Gotschalk was married to Marie Frederikke Kierulff (1681–1870), daughter of Søren Severin Kierulf (1752–1834) and Friderica Amalia Humble (1770–1811). They had three sons and six daughters. Gotschalk's brother Edouard was married to her sister Cathinka Hampton Kjerulff (1806–1835).

Friedrich Gotschalk owned the property at Amaliegade 16 in Copenhagen. It was later owned by one of his sons.

From his retirement in 1858, Gotschalk's firm was continued by his sons John Kjærulf Gotschalk (1820–1889) and Peter Frederik Gotschalk (1816–1874). In 1860, Victor Hugo Gotschalk, their cousin, was also made a partner in the firm. John Kjærulf Gotschalk was the sole owner of the firm from 1874. In 1887, he partnered with John Hornemann (1858–1915). Hornemann was the sole owner of the firm from 1889 until his death. From 1 February 1916, the firm was continued by banker Paul Hagemann (1882-). The firm was later headquartered at Sankt Annæ Plads 8 (1910) and Rådhusstræde 7 (1950).

John Kjærulf Gotschalk (1820–1889) was married twice, first to Bertha Scharff (died 1850) and then Johanne Rosing (1827–90). Peter Frederik Gotschalk (1816–1874) was married to Christine Marie Emilie Casadaban (1833–), daughter of royal cook Alphonse Casadaban and Johanne Caroline (Casabadan (méeLund).

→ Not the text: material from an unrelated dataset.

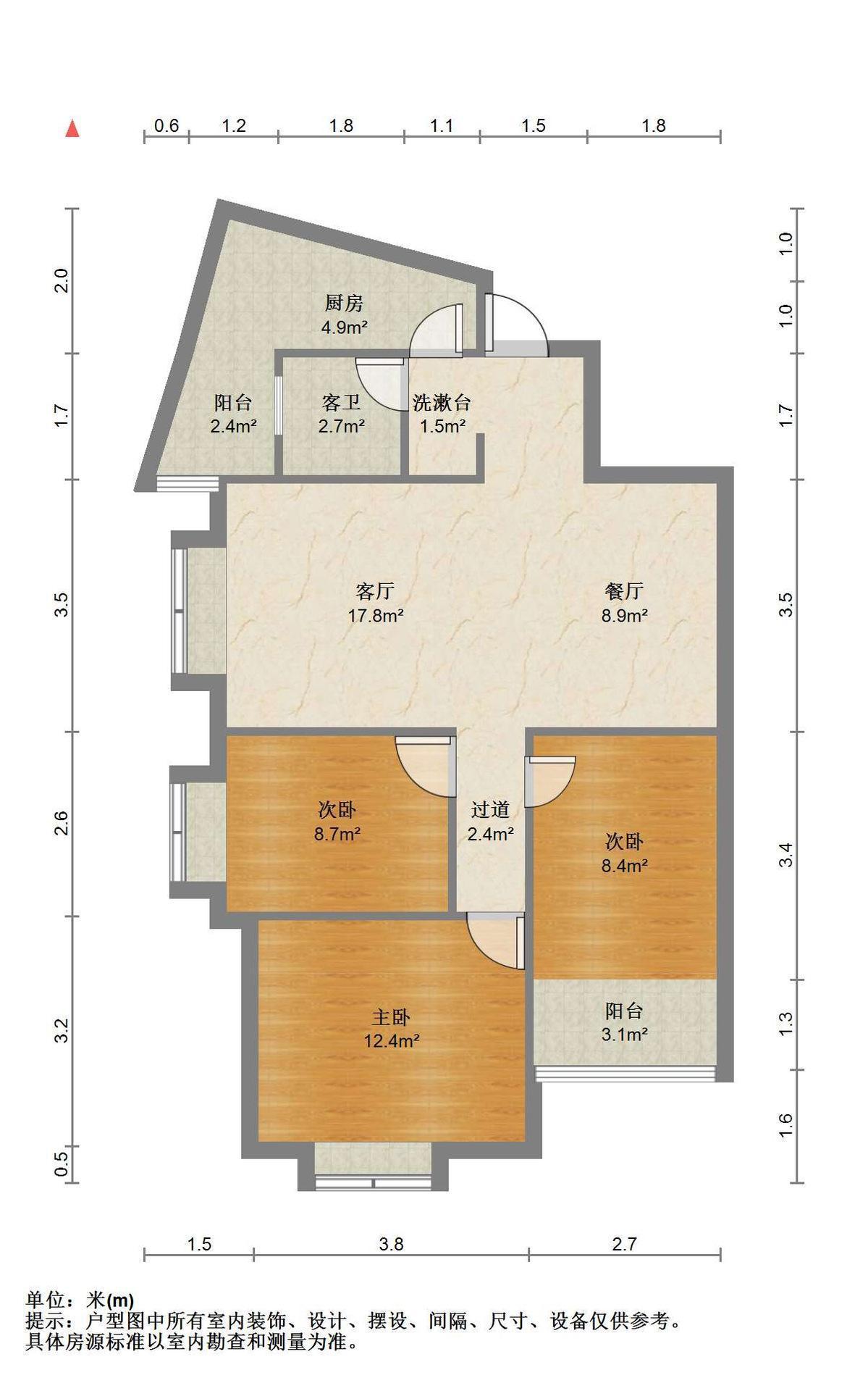 2室2厅1卫 面积72m²

Gotschalk's third son William Edvard Gotschalk (1823–1862) was a medical doctor. He worked for Almindeligt Hospital in 1847–50 and as a ship's physician in Skibslæge 48–49. In 1850, he settled in Chile where he became city physician in Copiapó. On 4 June 1862, he was appointed Danish consul to Chile.

Gotschalk's eldest daughter Ida Frederikke was later married to the businessman and politician Christian August Broberg. The daughter Lucinde married Peter Christian Knudtzon (who owned the adjacent property Amaliegade 14 from 1858). The daughter Harriet Julie married the naval physician Christian Wilken Hornemann. The daughter Louise Augusta married Sigvard August Blom, a son of master builder Thomas Blom. The daughter Emmy married the businessman Alfred Hansen, owner of A. M. Hansen & Co. and Øregaard.

In his memoirs, Ungdonserindringer, published as part of the series Memoirer of Breve (1816), Gotschalk's grandson Frederik Gotschalk Knudtzon provides a description of Gotschalk, his home and other members of the family. Gotschalk and his home is also mentioned in the businessman Luis Bramsen's memoirs. Gotschalk's son Kjerulf and Bramsen were classmates at St. Petris Realskole from around 1825.